The Spanish moderator explained the silver medalist from China would be a little late. He was taking a drug test.
”He better hope it`s multiple choice,” said the guy next to me.
They`re all suspects here, all those fine athletic specimens who marched into the Stadi Olimpic and into our summer. Magic Johnson is as guilty as Ben Johnson, tiny Shannon Miller of Oklahoma as suspicious as huge Haixia Zheng of Zhengshou. They all cheat. They must prove they don`t.
A South African ping-pong player, Cheryl Roberts, tested positive for stimulants and was not allowed into these Olympics. I can not imagine what drug possibly could help you play better ping-pong. Maybe she just assumed if you are going to be a world-class athlete, you have to take something.
Ben Johnson sent that message not just to us, but to all athletes. Drugs work.
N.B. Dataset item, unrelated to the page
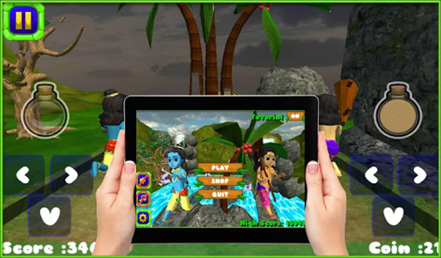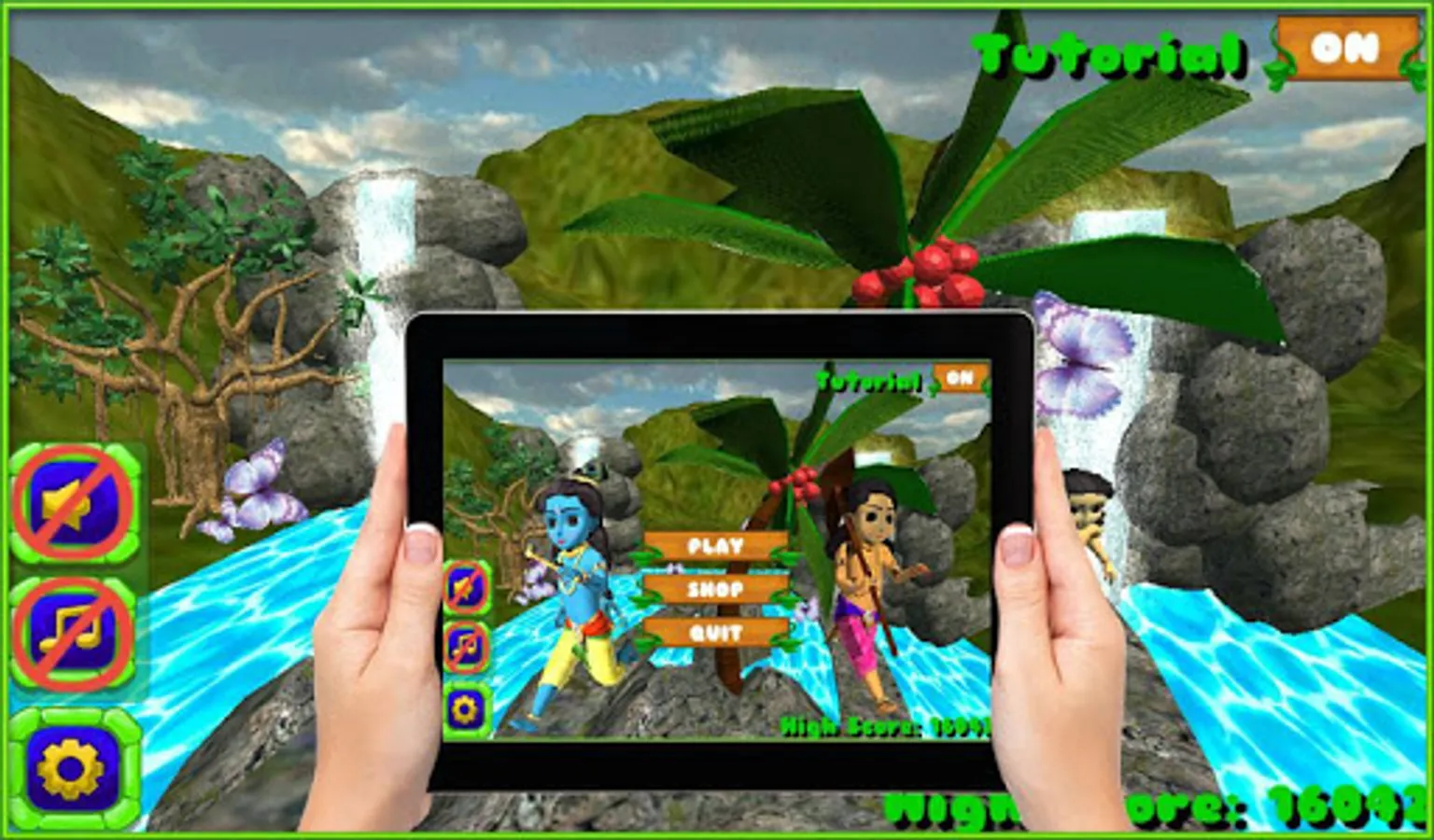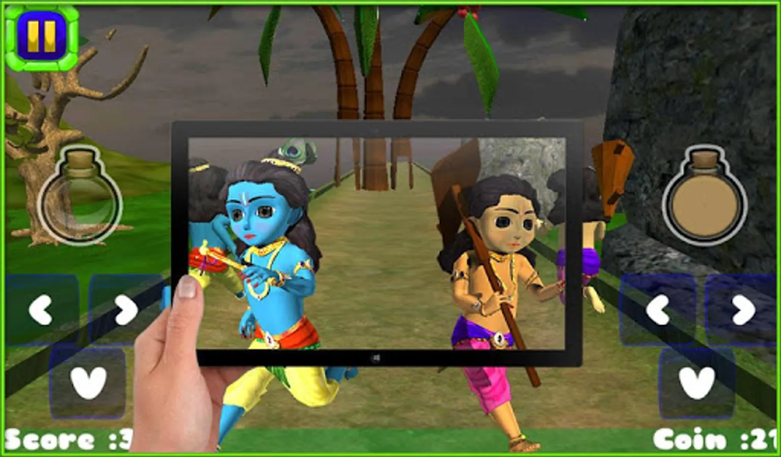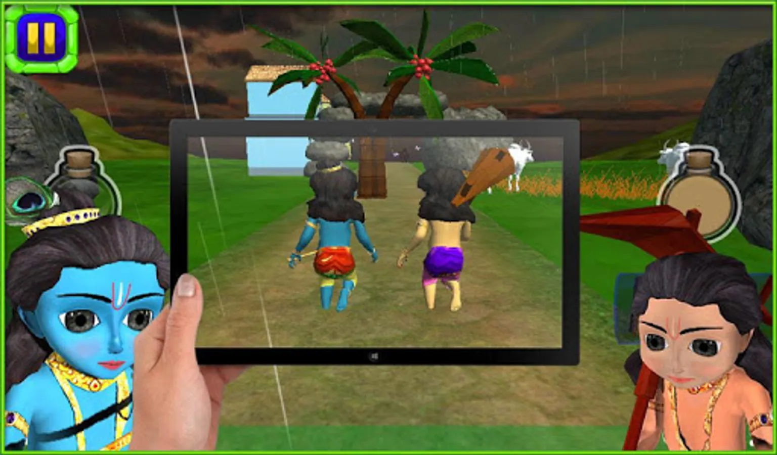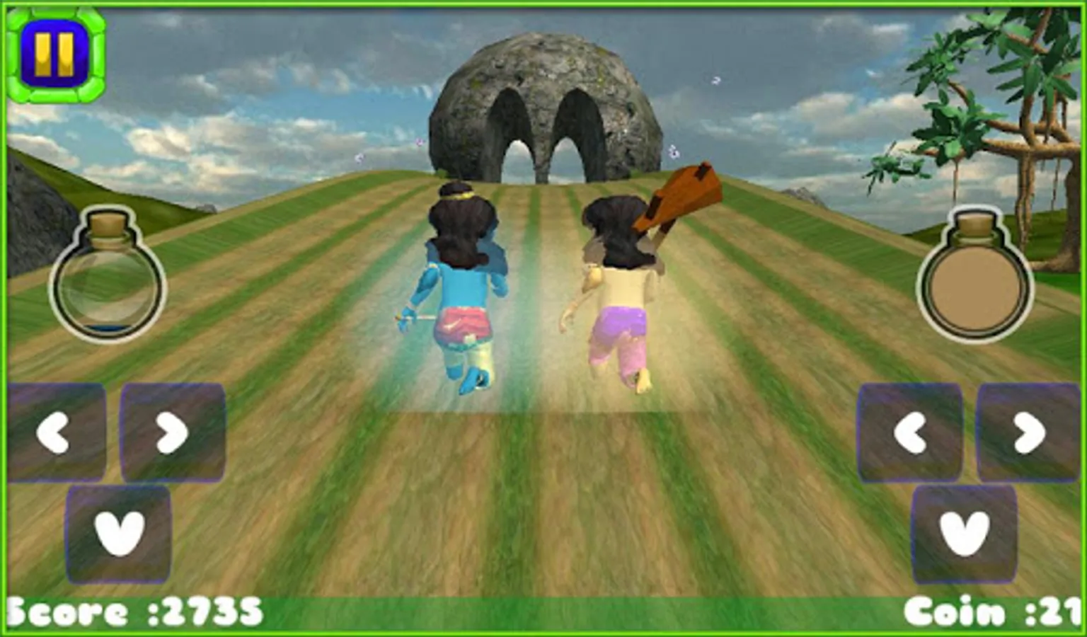 Little brothers Krishna and Balarama 3D running game especially for kids and game, Beautiful game scene and natural environment with water falls, rainfalls, flying butterflies and goshala"( cows place ) scenes on the game play It's Infinite runner Game. You have to tackle all obstacles while running on the track. Try to collect coins to increase your power and boost power to tackle with demons. So you must show your abilities to Control the Krishna & Balaam in the Game Play. Enjoy the adventure run through exotic locations in this action packed runner game.

Johnson himself, smaller, slower, made the semifinals, but stumbled out of the starting blocks and finished last in his heat, missing the finals.
”I believe Ben is running clean,” said Carl Lewis. ”Everything I see tells me he is.”
He sees 10.7 seconds instead of 9.8. Losing ensures innocence.
The problem is not, never was, taking drugs. The problem is getting caught.
The suspects, still wearing their Olympic medals, are escorted to a mirrored room with an official witness and asked to make a deposit. Multiply unease in a public restroom by a thousand.
”Totally embarrassing,” U.S. weightlifter Mario Martinez said. American weightlifters are not doing well here. They have been tested already seven times this year.
”It`s impossible to get our sport totally clean,” U.S. lifter Bryan Jacob said. ”But it is worth all the indignities as long as they are trying to clean it up.”
Two British weightlifters have been sent home for steroids. A British sprinter, Jason Livingston, known ironically as Little Ben because he resembles Johnson, was dismissed after testing positive, twice, for drugs.
There may be more revelations and expulsions, if not the eruption in Seoul that fixed Johnson as the most celebrated cheater ever. Much of the heavy work was done before the Games. We had the Butch Reynolds case in the U.S. We also had U.S. discus champion Kamy Keshmiri, with the longest throw in the world this year, banned for drugs.
Six Nigerians were excluded for drug abuse. Katrin Krabbe of Germany, world champion sprinter, technically was cleared but is obviously absent. She had provided identical clean specimens for testing on two different continents at two different times of the year. Hey, it could happen.
Greatest suspicion falls on the Chinese, the newest successful player in international sports. Some of their swimmers look like some of our
weightlifters, with more acne and facial hair than is usual in the adolescent Oriental.
After China swimmer Yong Zhuang won the women`s 100 freestyle, the conclusion jumped at was steroids. Swimmers don`t test automatically, and Zhuang was not chosen for review.
”I`m not accusing anybody, but when it`s winner-take-all, you`d like to see everyone tested,” said American Jenny Thompson, who was.
With a pool of a billion bodies to choose from, it is likely the Chinese could find the odd breaststroker and shot putter, but it is easier to believe the search would take a lot longer than an injection.
”You will have a drug-free Olympics when you have a drug-free society,” Lewis said.
That sounds good but avoids the issue. The Olympics are supposed to be better than society. That is why we give them all this attention and their heroes so much of our admiration. If what`s going on here is just another night out, we`re all wasting our time.
Greeks used mushrooms, early marathoners used strychnine. A cyclist-Knut Jensen-died in the 1960 Olympics after taking amphetamines. Five cyclists were disqualified at Munich. Seven weightlifters at Montreal.
None of this is new, and none of this is over.
Six South Korean athletes were reinstated for these Games after being banned for steroids. Their federation explained they had eaten a dog that had been given steroids.
Equestrian Eric Navet of France was suspended not because he personally took drugs but because the International Equestrian Federation said his horse, Quito de Baussy, used cortisol, a steroid.
Navet might be contending for a gold medal today if he had chosen the Korean solution. Obviously, he should have eaten his horse.